To conduct correlation analysis, we need to estimate the cyclical swings in the US and China respectively. Therefore, we use HP filter on the quarterly real GDP growth of the US and China respectively to get the residuals. The residuals are assumed to be the cyclical swings in the US and China.

For the correlation analysis, we calculated the correlation coefficients of the cyclical swings in the US with common shock and sectoral shocks respectively and then the cyclical swings in the US is replaced by the cyclical swings in China. The sample period is 2001Q1 – 2017Q1.

Multivariate Regression

We regressed the common shock on the cyclical swings in the U.S. and China to get a sense on their sensitivity to the business cycle:

Common shock = α + β1 (cyclical swings in the U.S.) + β2 (cyclical swings in China) + ε

VAR Model for Common Shock

VAR model is a useful tool to identify the source and response, especially from the distribution of variance decomposition. In order to understand the source of Hong Kong’s business cycle (common shock as proxy). For sample period of 2001Q1 – 2017Q1, we used a simple 3-factor VAR model (with 1-quarter lag based on SIC):

Xt = A + B Xt + εt, and

Xt = (common shock, US cycle, China cycle), A is a vector of constant, B is a vector of slope coefficients and εt is a vector of error terms.
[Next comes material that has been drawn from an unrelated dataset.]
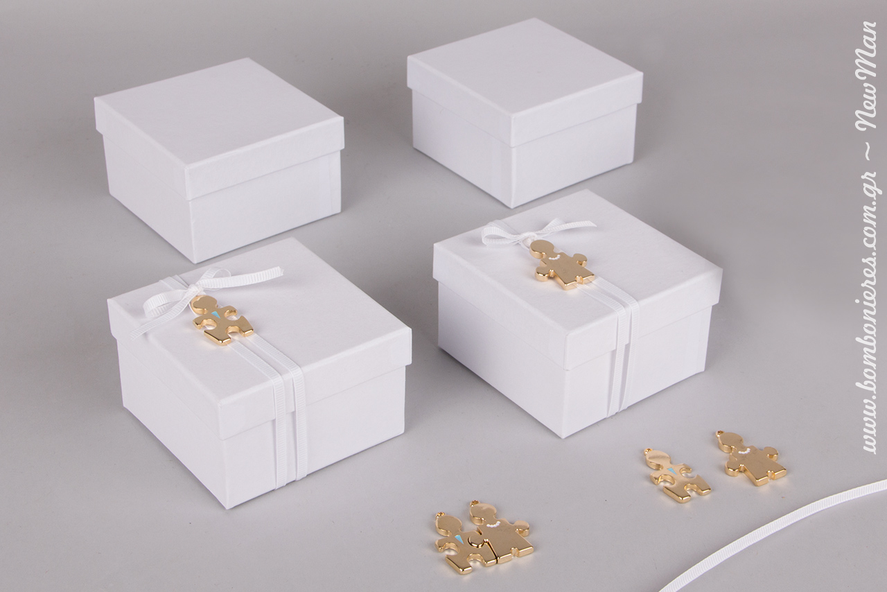DIY μπομπονιέρα γάμου «Το άλλο μου μισό» σε λευκό χάρτινο κουτί, διακοσμημένο με κορδέλα γκρο και κομμάτια παζλ Γαμπρός & Νύφη σε χρυσαφένια απόχρωση.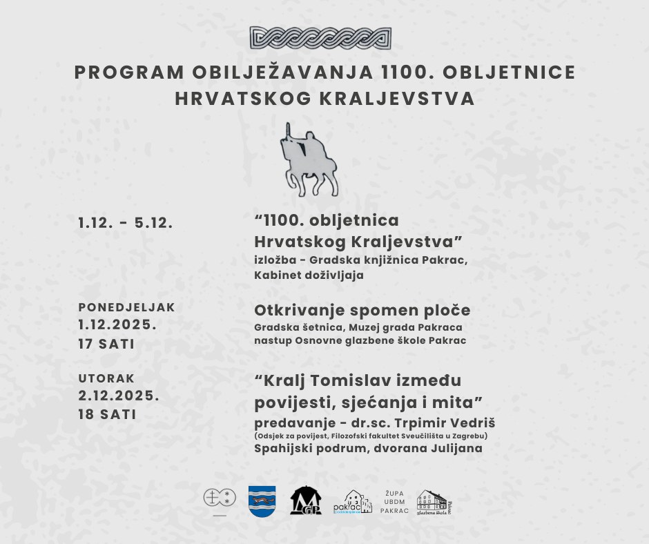 Grad Pakrac, Gradska knjižnica Pakrac i Muzej grada Pakraca, uz podršku Osnovne glazbene škole Pakrac i Župe Uznesenja BDM Pakrac, s ponosom vas pozivaju na obilježavanje 1100. obljetnice Hrvatskog Kraljevstva — velikog jubileja koji nas podsjeća na začetke hrvatske državnosti, identiteta i zajedništva.

The variance decomposition is obtained from Cholesky decomposition, which is affected by the ordering of variables. Therefore, we also ran the model in the variable order of (common shock, China cycle, US cycle) and take the averages for the two in the variance decomposition. A 10-quarter forecast horizon was used.

As the common shock is simply first principal component (the contribution from common shock is a scalar factor multiplied by the first principal component), we did not run the model for each of the Four Pillars as they should give the same variance decomposition.

In order to know how the contribution evolved over time, we ran the models using rolling 32-quarter samples ending 2008Q4, 2009Q4, 2010Q4, 2011Q4, 2012Q4, 2013Q4, 2014Q4, 2015Q4 and 2016Q4 respectively.

VAR Models for Sectoral Shocks

Similar to the VAR for common shock, we replaced the common shock by sectoral shocks to examine the impact of cyclical swings in the US and China on Hong Kong’s idiosyncratic sectoral developments.

Xt = A + B Xt + εt, and

Xt = (sectoral shock of industry i, US cycle, China cycle)’, A is a vector of constant, B is a vector of slope coefficients and εt is a vector of error terms.

We also ran the models for each of the Four Pillar industries with variable order of (sectoral shock of industry i, China cycle and US cycle) and with rolling 32-quarter samples. The variance decomposition is from Cholesky decomposition and a 10-quarter forecast horizon was used.

References

    He, D., W.Liao and T.Wu,2015, “Hong Kong’s Growth Synchronization with China and the U.S.: A Trend and Cycle Analysis,” IMF Working Paper WP/15/82.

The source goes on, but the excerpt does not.